§ Exercise aim
Without the pictures, repeat all of the data exactly as it appears below.

§ Data excerpt
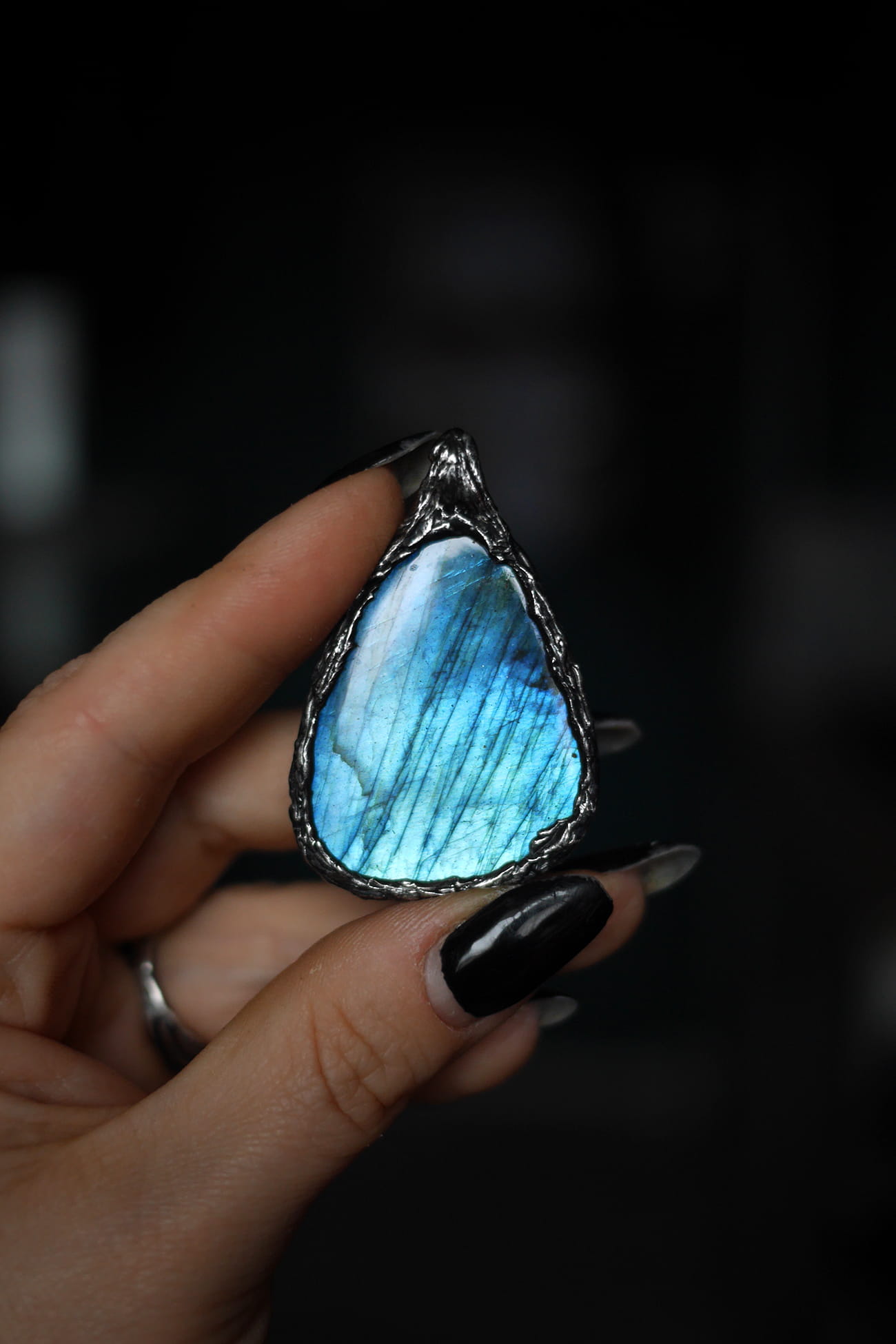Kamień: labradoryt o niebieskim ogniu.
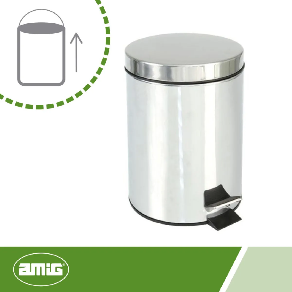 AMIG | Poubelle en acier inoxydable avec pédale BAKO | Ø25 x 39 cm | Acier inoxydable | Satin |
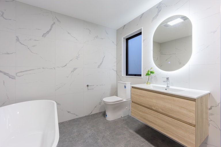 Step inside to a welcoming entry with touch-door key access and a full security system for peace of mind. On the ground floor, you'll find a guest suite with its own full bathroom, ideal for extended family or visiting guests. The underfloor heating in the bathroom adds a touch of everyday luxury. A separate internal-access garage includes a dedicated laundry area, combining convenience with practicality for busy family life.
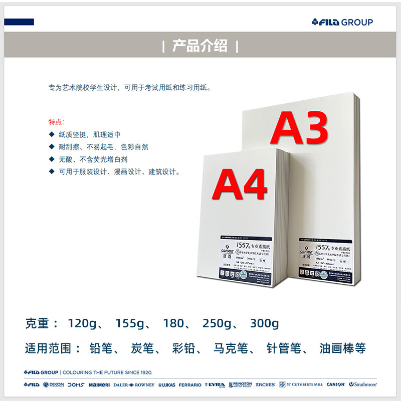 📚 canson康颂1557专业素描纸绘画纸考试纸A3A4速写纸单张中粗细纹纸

§ Result for this task
Kamień: labradoryt o niebieskim ogniu.
 AMIG | Poubelle en acier inoxydable avec pédale BAKO | Ø25 x 39 cm | Acier inoxydable | Satin |
 Step inside to a welcoming entry with touch-door key access and a full security system for peace of mind. On the ground floor, you'll find a guest suite with its own full bathroom, ideal for extended family or visiting guests. The underfloor heating in the bathroom adds a touch of everyday luxury. A separate internal-access garage includes a dedicated laundry area, combining convenience with practicality for busy family life.
 📚 canson康颂1557专业素描纸绘画纸考试纸A3A4速写纸单张中粗细纹纸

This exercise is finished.